“Happy Spring”: Tigran Khachatryan, 23

“Happy Spring”: Tigran Khachatryan, 23


On the morning of March 1, 2008, Tigran Khachatryan woke up in high mood – it was spring.

“He entered the kitchen and said: “Mom, happy first spring day!” He knew that I love spring,” tells Alla Hovhannisyan, mother of the 23-year-old who became a victim of March 1 tragedy.

Sunday’s first day of spring will have a very different meaning for the Khachatryan family.

Tigran Khachatryan was the first victim registered in the morgue on March 1, 2008, and he is among the three victims killed by means of the ‘special technique’ belonging to the Police.

The student at the Agricultural Academy was also a beginner businessman: Tigran was running his own taxi service, and he was planning to enlarge his business.

“He was not politically active, but he was worried that the demonstrators were dispersed by means of beatings. He said he would go to figure out what had happened,” says his mother.

“He was calling often saying that everything was fine. But at about 21:00 PM I started having a foreboding of something – Tigran’s mobile was not responding.”

After looking for him at hospitals and police stations they found their son at the morgue at 2:00 AM.

“My husband and younger son did not manage to find him anywhere. And on the way home they saw emergency machines at the morgue, they got out and asked to check, and they found my son in blood.”

The mother was looking for an answer at home:

“Did you find him? Where is he? At the police station? No? At the hospital? No? Where is he?”

“I got the answer to my questions in my husband’s and son’s tears; but I did not believe and now I do not believe and I do not understand why, due to which right did they take my son away?”

The questions were even more for Tigran’s 9-year-old sister – Evelina. The blue-eyed little girl was carefully cleaning her brother’s table full of his belongings; she looks at his photo and her endlessly crying mother, and she keeps silence.

The pain of her son’s loss was even doubled when she read in the Prosecutor’s document: “he was killed during participation in mass disorder.”

“How did you know, who proved that you labeled him that way?! How do you know that he was in the mass disorder, and may be you consider him to be guilty, too? That is why he was shot?” The mother says.

In the documents of the Prosecutor’s it is written that “Tigran Khachatryan, at about 20:00 along with several participants of the mass disorder, went to the Leo crossroad from Myasnikyan’s statue, and he died there at about 21:30”

Nevertheless, video material found in Tigran’s mobile phone provides other explanations.
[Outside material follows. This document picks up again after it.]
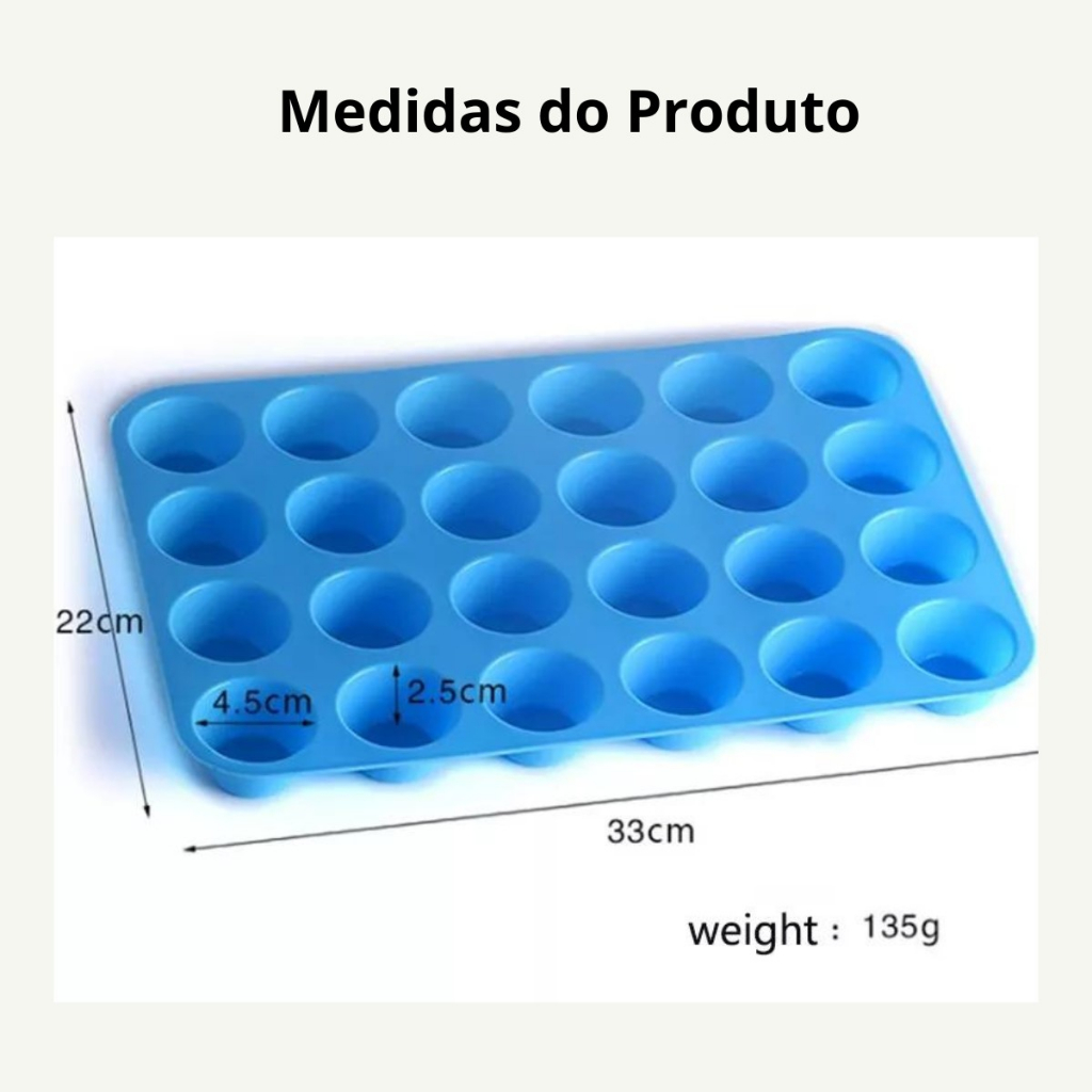 Forma Silicone Cupcake Muffin 24 Cavidades • Forma produzida em silicone completamente antiaderente, dobrável e moldável. Facilita o processo de desenformar suas receitas. Indicada para fazer muffins, cupcakes, mini cheesecakes, paes de queijo, etc. Suporta temperaturas elevadas • Material de alta qualidade: Silicone avançado (BPA Free) ,suporta altas temperaturas (de -50° C até 220° C), muito macio, seguro, confiável e de fácil limpeza. Pode ser levada ao freezer, forno ou micro-ondas. • Tamanho da forma: 33x22cm, cada cavidade contem 4,5cm x 2,5cm Não esqueça de selecionar a cor desejada antes de finalizar a compra! Qualquer dúvida entre em contato conosco!

The last video was shot by the victim at 21:19. He shot the demonstration held at the Myasnikyan’s statue for two minutes. It means that at 21:21 he was still at the Myasnikyan’s statue; so how could he be in the Leo Street since 20:00 and at the same time shoot the demonstration at the Myasnikyan’s statue? Or how could he manage to pass about a kilometer in 8 minutes and manage to appear in the Leo Street and ‘participate in the mass disorder’?! It is not clear till now. It is also not clear who out of the four police officers shot the young man. (see "They Mock our Dead").

“It is very hard when they kill your son and later do not even deign to commiserate. Moreover, they consider him to be guilty,” says the mother looking at her son’s smiling photo in tears. “Our children were treated as national betrayers.”

The first question the mother was asked at the examination at the Prosecutor’s was “who did you vote for?”

“What is the difference who I voted for? No matter who I voted for, you did not have the right to kill my child,” says the mother and continues, “I voted for Arthur Baghdasaryan, in fact.”

Alla Hovhannisyan says that she did not believe that her son had been killed by an Armenian: “I was thinking that they brought troops from Georgia or Russia, and they killed him. But when the Prosecutor’s said that the murderers are four Armenian policemen, I understood this is the end – an Armenian killed an Armenian. What else do we demand from Turks?!”

The only comfort for the son-lost mother is a just investigation and a punishment of those who are guilty for her son’s death. However, judging by the answers of the Prosecutor’s, the hope grows fainter day by day.

“It is evident that the case is being hidden, I mean we live in a country where anyone can kill the way he wants to, he can do whatever he wants to do, being sure that there will be no punishment.”